Practicus AI Model Gateway for LLMs

This document explains how to leverage the Practicus AI platform’s optimized Large Language Model (LLM) gateway features, powered by high-performance inference engines such as LiteLLM, and others. The Practicus AI Model Gateway serves as a unified proxy layer, enabling seamless management and deployment of LLMs—whether hosted on Practicus AI or accessed via third-party services.

Whether you're using Practicus AI's optimized vLLM hosting, third-party services like OpenAI, or even your own custom inference code, the Gateway provides a single, consistent interface. This notebook will guide you through the entire process, from basic configuration to advanced dynamic routing and security guardrails.

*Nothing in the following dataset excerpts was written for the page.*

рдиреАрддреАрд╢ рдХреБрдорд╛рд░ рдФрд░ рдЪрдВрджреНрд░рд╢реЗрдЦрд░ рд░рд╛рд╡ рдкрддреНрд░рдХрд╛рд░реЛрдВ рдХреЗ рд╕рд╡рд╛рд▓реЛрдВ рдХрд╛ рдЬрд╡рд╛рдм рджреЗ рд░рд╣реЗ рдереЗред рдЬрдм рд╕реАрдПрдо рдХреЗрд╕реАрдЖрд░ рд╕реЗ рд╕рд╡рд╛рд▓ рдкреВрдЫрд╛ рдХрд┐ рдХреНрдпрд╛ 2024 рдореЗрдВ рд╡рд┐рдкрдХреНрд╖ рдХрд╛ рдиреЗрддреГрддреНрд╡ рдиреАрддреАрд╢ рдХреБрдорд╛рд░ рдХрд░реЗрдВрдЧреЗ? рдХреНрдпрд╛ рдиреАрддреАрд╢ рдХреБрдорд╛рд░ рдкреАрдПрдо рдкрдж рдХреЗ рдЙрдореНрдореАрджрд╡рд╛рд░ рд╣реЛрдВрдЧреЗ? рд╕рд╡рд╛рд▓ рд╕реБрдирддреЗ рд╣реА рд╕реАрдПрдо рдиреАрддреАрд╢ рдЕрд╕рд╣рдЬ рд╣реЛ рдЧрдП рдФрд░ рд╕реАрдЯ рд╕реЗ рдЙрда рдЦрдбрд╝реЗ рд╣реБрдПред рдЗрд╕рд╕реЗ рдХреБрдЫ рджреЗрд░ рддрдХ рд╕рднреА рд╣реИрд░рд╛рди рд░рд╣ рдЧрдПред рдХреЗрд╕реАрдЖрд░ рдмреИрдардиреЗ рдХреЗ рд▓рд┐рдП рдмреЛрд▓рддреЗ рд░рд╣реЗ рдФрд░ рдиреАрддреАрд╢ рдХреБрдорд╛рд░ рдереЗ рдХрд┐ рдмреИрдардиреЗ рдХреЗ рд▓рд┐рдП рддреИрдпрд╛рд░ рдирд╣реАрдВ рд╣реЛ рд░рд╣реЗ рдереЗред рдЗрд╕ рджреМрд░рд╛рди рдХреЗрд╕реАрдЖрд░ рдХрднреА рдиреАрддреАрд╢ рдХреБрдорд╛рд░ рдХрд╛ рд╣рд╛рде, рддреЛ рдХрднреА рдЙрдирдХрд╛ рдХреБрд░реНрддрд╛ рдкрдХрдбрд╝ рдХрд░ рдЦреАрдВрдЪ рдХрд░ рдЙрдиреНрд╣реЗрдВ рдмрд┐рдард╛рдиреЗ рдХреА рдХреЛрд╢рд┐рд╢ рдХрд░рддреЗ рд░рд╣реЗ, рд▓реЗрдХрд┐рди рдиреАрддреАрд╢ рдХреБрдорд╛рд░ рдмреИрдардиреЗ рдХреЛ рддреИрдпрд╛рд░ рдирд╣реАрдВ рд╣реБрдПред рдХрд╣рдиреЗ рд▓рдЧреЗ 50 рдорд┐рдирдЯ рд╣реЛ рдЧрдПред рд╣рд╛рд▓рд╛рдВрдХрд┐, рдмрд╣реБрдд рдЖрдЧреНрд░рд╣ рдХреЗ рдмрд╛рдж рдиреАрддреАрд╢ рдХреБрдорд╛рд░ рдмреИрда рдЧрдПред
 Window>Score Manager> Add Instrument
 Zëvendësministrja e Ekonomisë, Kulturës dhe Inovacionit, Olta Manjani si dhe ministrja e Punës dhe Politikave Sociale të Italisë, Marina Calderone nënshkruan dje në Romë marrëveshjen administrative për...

The following sections will guide you through key aspects of the Model Gateway, including initial setup, configuration, advanced features, and deployment.

Core Concepts Overview of the primary configuration objects used by the Model Gateway.
Configuration Strategies Options for defining Gateway behavior using Python code, YAML files, or hybrid approaches.
Logging and Cost Tracking How to connect a database for comprehensive monitoring of usage and spend.
Advanced Customization Implementation of hooks, security guardrails, and dynamic routing for production workloads.
Deployment Steps to launch your Gateway configuration on the Practicus AI platform.

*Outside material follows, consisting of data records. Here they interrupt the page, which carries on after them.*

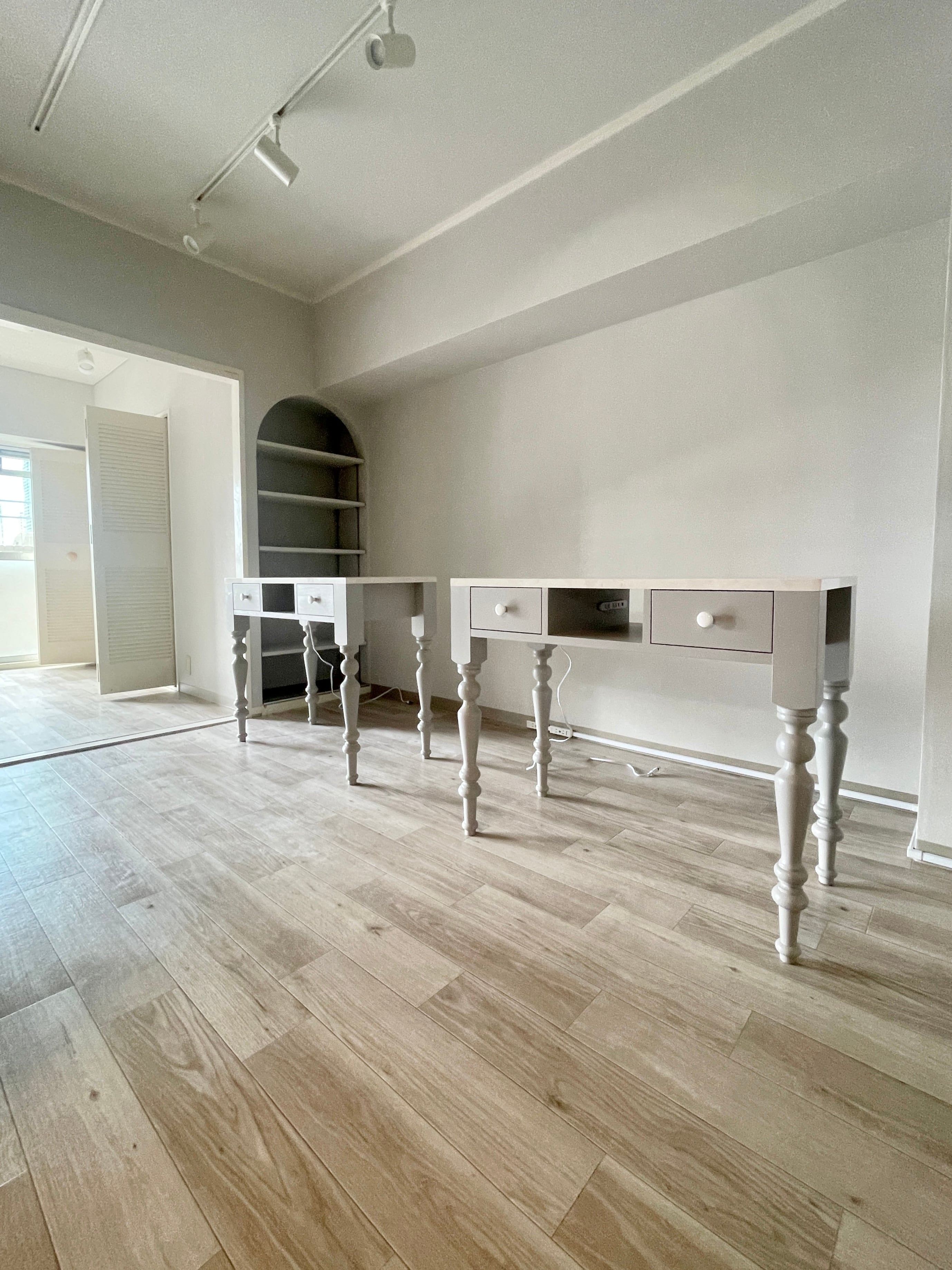 大阪にNEWOPENのネイルサロンに、とってもかわいいネイルテーブルを製作致しました。ドライフラワーを飾る大人シックな空間に似合う、可愛らしさと品格を兼ね備えたろくろ脚のネイルテーブルです。
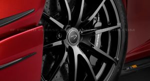Other notable body panels finished in exposed carbon-fiber are the front bumper splitter and dive planes, the sides skirts with the side intake, and the hood and the roof – which comes with an air-feeding scoop.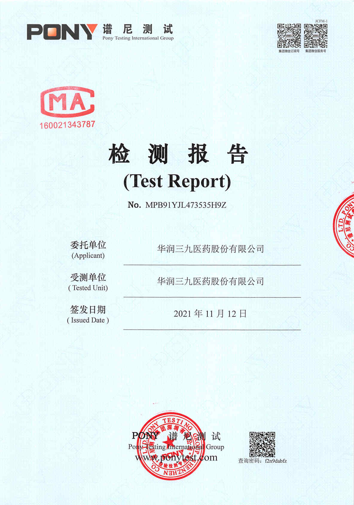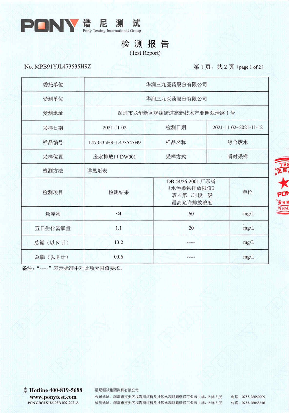 华润三九废水检测报告(2021年11月)

1. Core Concepts: The Configuration Trio

Your model Gateway setup is defined by Python (pydantic) objects declared in a single file, typically named model.py. Practicus AI automatically handles the complex backend work, like generating the necessary litellm_config.yaml and attaching your custom functions.

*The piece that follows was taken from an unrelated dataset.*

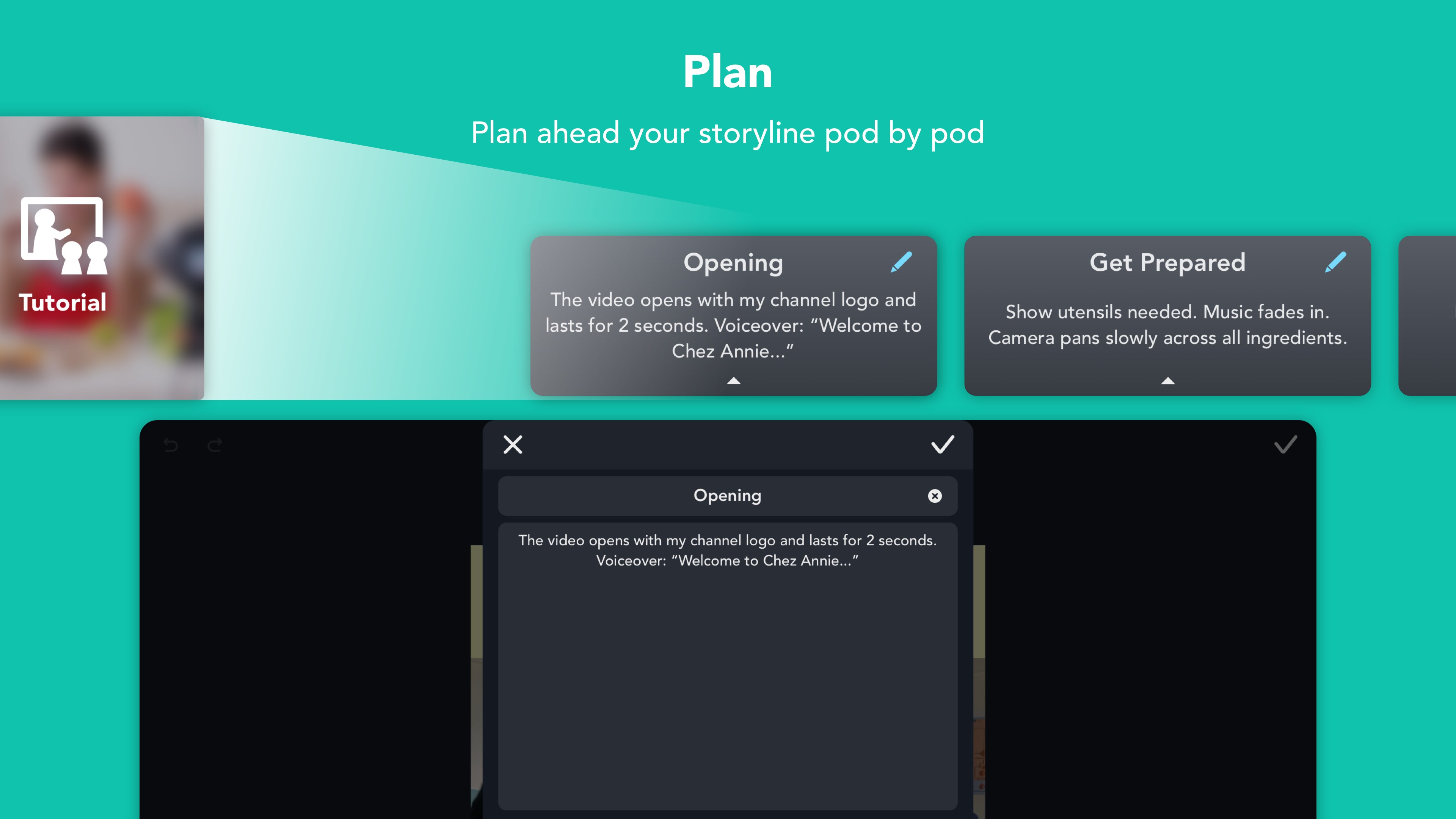 Plan your video outline with \“Pods\”Create and organize your shot lists with \“Pods\”Create a storyboard with pictures and text notes before shooting a videoChange video background colorsRotate or resize a videoImport videos, images, audio files, and audio recordings into a video projectTrim and merge video clips

There are three Pydantic classes you'll use:

GatewayModel: Defines a single model endpoint. This is what your users will call. It can be a concrete model (e.g., openai/gpt-4o) or a virtual router that intelligently delegates requests to other models.
GatewayGuardrail: A reusable, gateway-wide security or transformation rule. Guardrails can be applied to all models by default or selectively enabled by clients on a per-request basis.
GatewayConfig: The root object that brings everything together. It holds the list of all your models and guardrails, along with global settings like database connections.

2. Configuration Strategies

The Gateway offers flexible configuration options to fit your workflow. The recommended approach is to define your configuration in Python, as it provides the most power and flexibility, especially when using custom logic like routers and hooks.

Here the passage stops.